This release has been out for a few months digitally already, but has a physical release date of June 7th, giving a good opportunity to look at it again.
When it comes to truly ambient works that relax and comfort, Celer- for a decade now the solo project of Will Long- has been on top of the game for a long time. We’re big fans of his work in our household- though we would probably have to promptly admit to being familiar only with the first half of works like “M1” and “Here, for now” as we use them as night-time relaxation music so consistently that we have probably now programmed ourselves in a Pavlovian fashion to fall asleep when we hear them. They are warm, lush drones that are well suited to the purpose, and while the sparseness of some of them also suggests more thoughtful, broad or lonely moods, there’s always a thread of positivity in there that can be hung on to.
And so it is with “Xièxie”. The introduction of some found sound elements, recorded around Shanghai in 2017, leads to titles which might suggest busy chaotic atmospheres- “Maglev at 303 km/h”, “Shanghai red line, metro karaoke” or the rather ambitiously monickered “From the doorway of the beef noodle shop, shoes on the street in the rain, outside the karate school”- but there is no chaos here. These elements are blended gently- and very, very lightly- into familiar long drone tones. It generally is not long before the real-world atmospherics fade away and you are drawn into long, purely synthetic drone worlds that you can lose yourself in entirely.
The twenty-one minute piece “For the entirety” is an example of Celer at his most symphonic, which is an almost absurd overstatement given how understated it is musically- but with three notes in a slow repeating cycle that changes gradually in tone and pace (without ever approaching standard musical speeds), this feels like what modern classical music has rightly and naturally evolved into.
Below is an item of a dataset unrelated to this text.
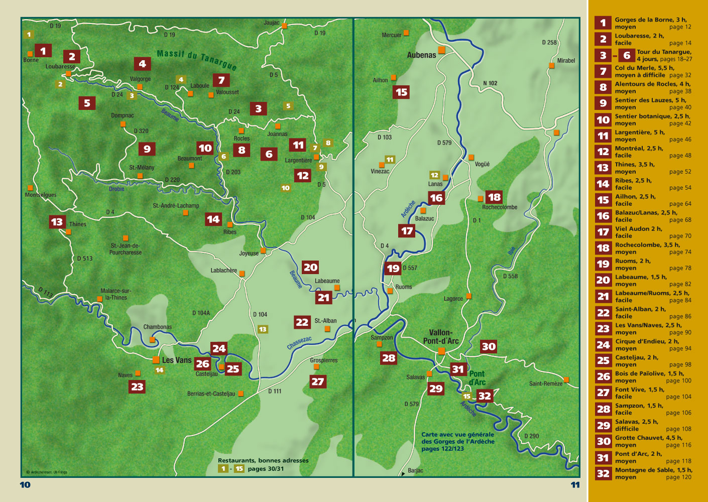 - 32 circuits de randonnée avec leurs cartes détaillées et profils d’altitude. Chacun avec sa trace GPS à télécharger.

Similarly there’s a sombre and peaceful beauty to final track “Our dream to be strangers”, though I suspect I’ll try to listen to that again in the future and be asleep well before I reach that point.
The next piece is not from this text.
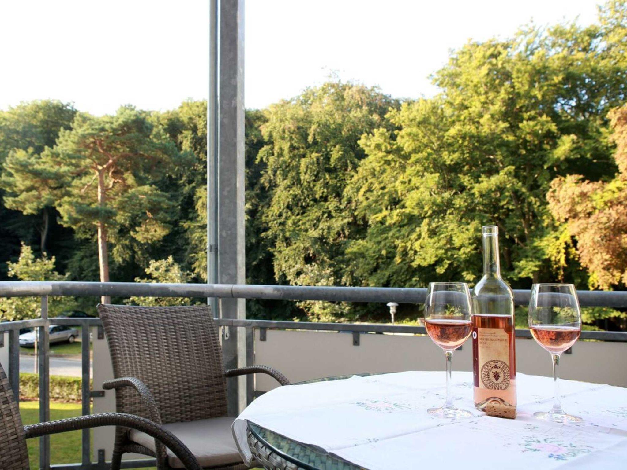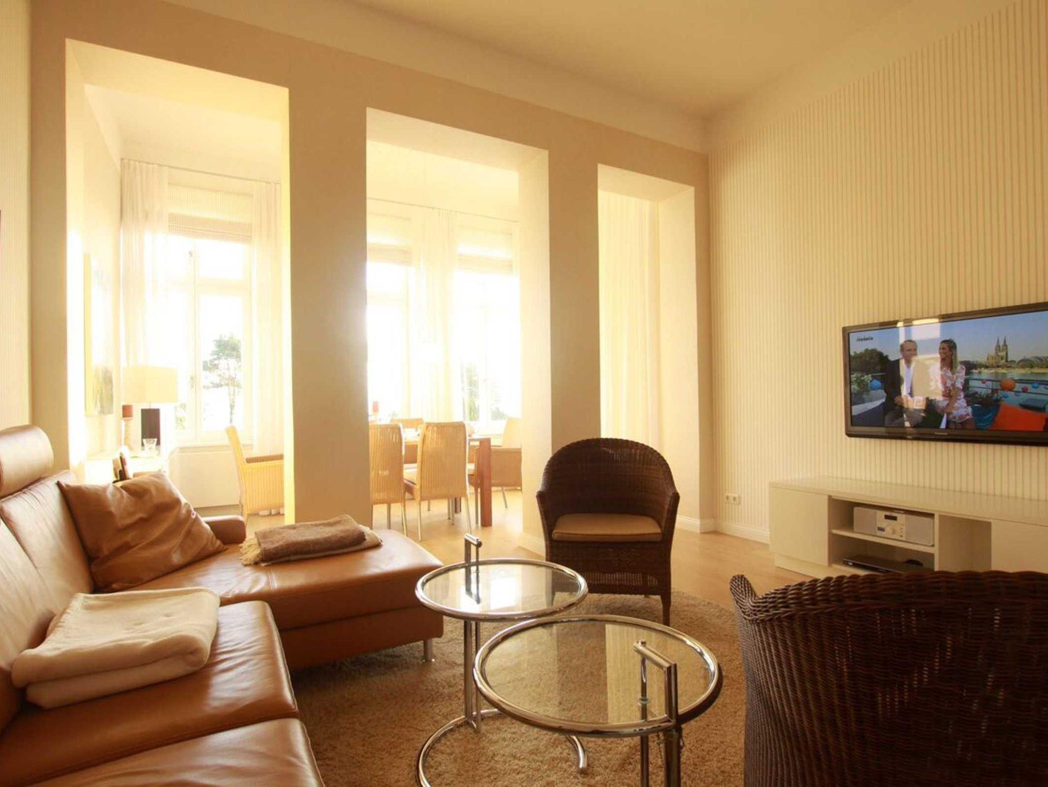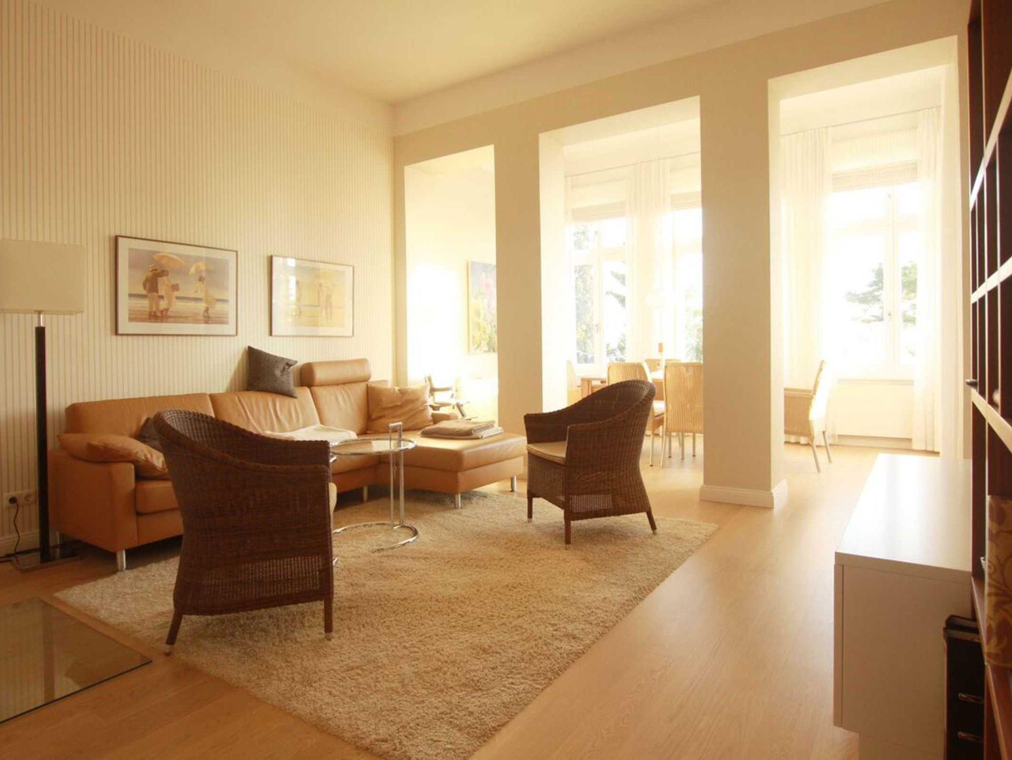 Die Nichtraucher Wohnung selbst ist aufwändig renoviert und individuell eingerichtet. Sie bietet Platz auf 86 qm für bis zu 4 Personen. Insgesamt drei Flachbild-TV bieten individuellen TV-Genuss. Des Weiteren verfügt die Wohnung über einen Kamin im Wohnzimmer, einen großzügigen Essbereich mit direktem Blick auf Promenade und Ostsee, einer Loggia zur Seeseite und einem Balkon zur Waldseite, hier können Sie die Nachmittagssonne geniessen.

Besides the 90-minute work, as a digital bonus you get two “Uncut” tracks in which the tracks are segued together without track breaks; however I may be missing something here as the transitions are mild at best, often still drops to silence, so I’m not entirely sure what this adds. Also if it’s ‘uncut’, why is it two tracks instead of one?… It’s a mystery to me and I’d welcome some clarification. But as an excuse for listening to the whole work twice in a row, it’s a bonus (albeit a confusing bonus) rather than a problem.
It’s by no means groundbreaking when compared to Celer’s previous work, but for its purpose- insofar as I see it- that is *precisely* what we want.